**PROVIDED MATERIAL:**
....

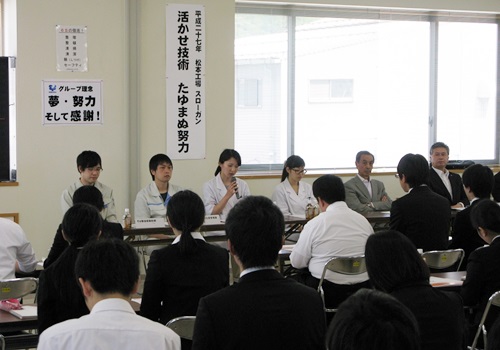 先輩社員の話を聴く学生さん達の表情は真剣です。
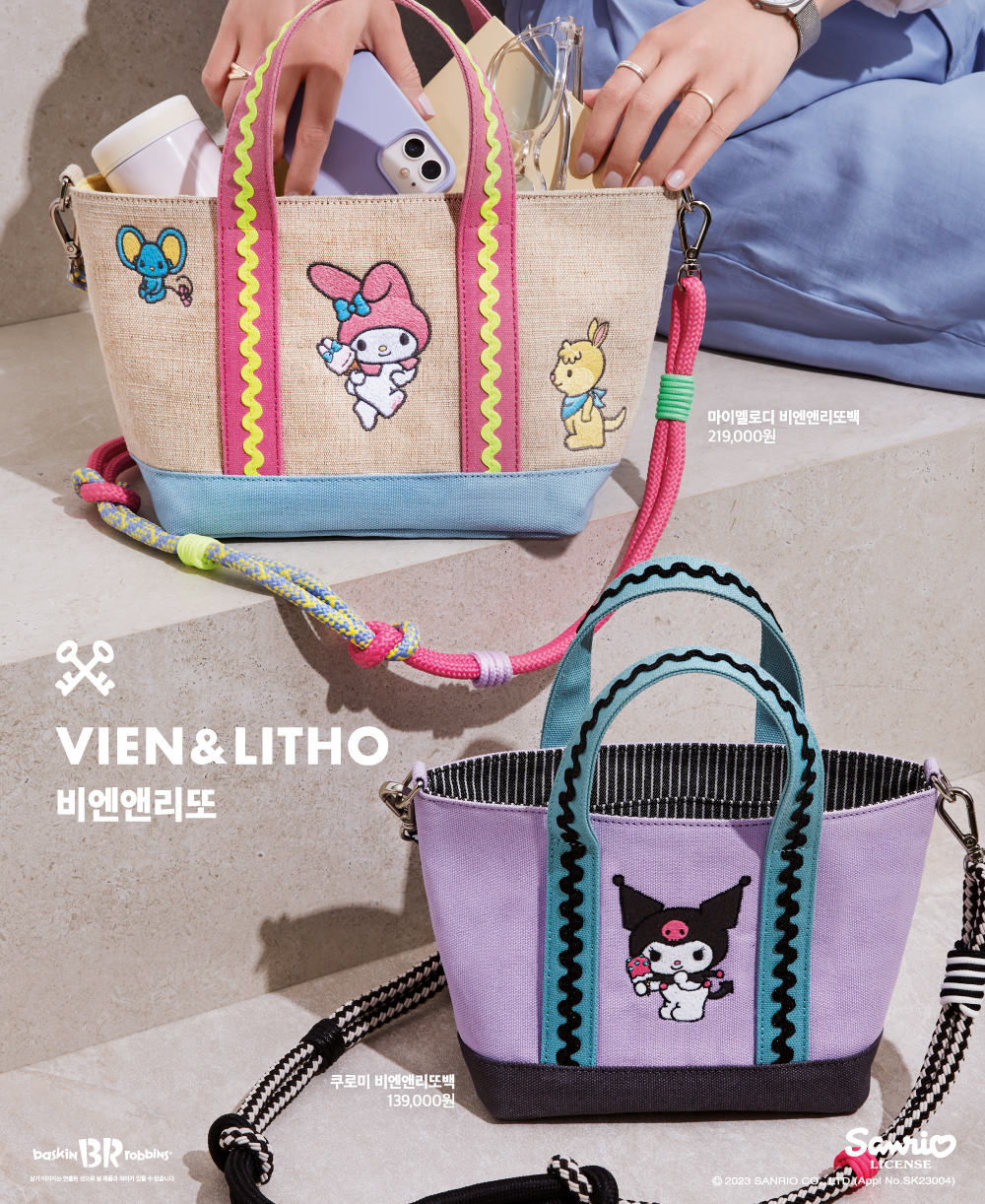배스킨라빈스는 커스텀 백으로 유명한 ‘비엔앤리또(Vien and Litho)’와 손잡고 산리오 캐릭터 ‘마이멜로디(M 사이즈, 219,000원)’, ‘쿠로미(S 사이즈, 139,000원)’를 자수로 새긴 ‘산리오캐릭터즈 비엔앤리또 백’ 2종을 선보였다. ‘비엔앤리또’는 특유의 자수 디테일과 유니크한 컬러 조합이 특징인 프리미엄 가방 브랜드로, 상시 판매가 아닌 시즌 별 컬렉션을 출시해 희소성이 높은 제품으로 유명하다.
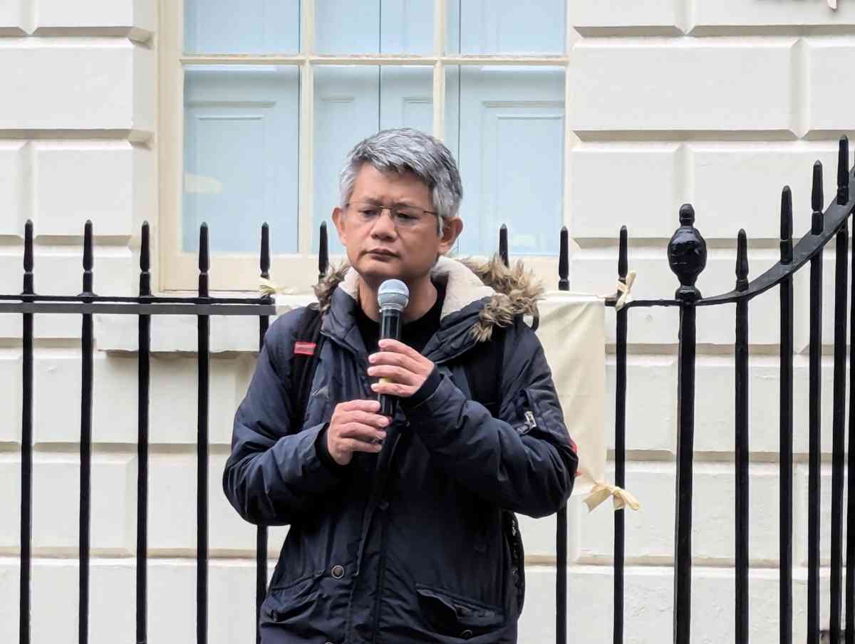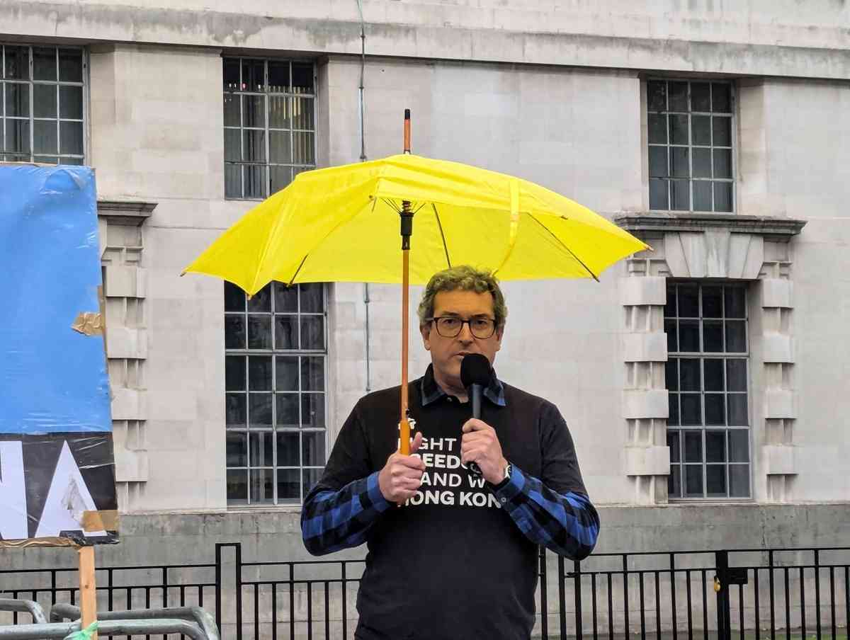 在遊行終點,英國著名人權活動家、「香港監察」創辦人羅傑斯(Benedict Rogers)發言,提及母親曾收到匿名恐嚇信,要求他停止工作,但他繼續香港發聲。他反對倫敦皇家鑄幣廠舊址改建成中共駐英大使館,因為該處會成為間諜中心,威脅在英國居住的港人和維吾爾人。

....

**YOUR ASSIGNMENT:** Without the pictures, repeat every line of the material above exactly.

**RESULT BELOW:**
 先輩社員の話を聴く学生さん達の表情は真剣です。
배스킨라빈스는 커스텀 백으로 유명한 ‘비엔앤리또(Vien and Litho)’와 손잡고 산리오 캐릭터 ‘마이멜로디(M 사이즈, 219,000원)’, ‘쿠로미(S 사이즈, 139,000원)’를 자수로 새긴 ‘산리오캐릭터즈 비엔앤리또 백’ 2종을 선보였다. ‘비엔앤리또’는 특유의 자수 디테일과 유니크한 컬러 조합이 특징인 프리미엄 가방 브랜드로, 상시 판매가 아닌 시즌 별 컬렉션을 출시해 희소성이 높은 제품으로 유명하다.
 在遊行終點,英國著名人權活動家、「香港監察」創辦人羅傑斯(Benedict Rogers)發言,提及母親曾收到匿名恐嚇信,要求他停止工作,但他繼續香港發聲。他反對倫敦皇家鑄幣廠舊址改建成中共駐英大使館,因為該處會成為間諜中心,威脅在英國居住的港人和維吾爾人。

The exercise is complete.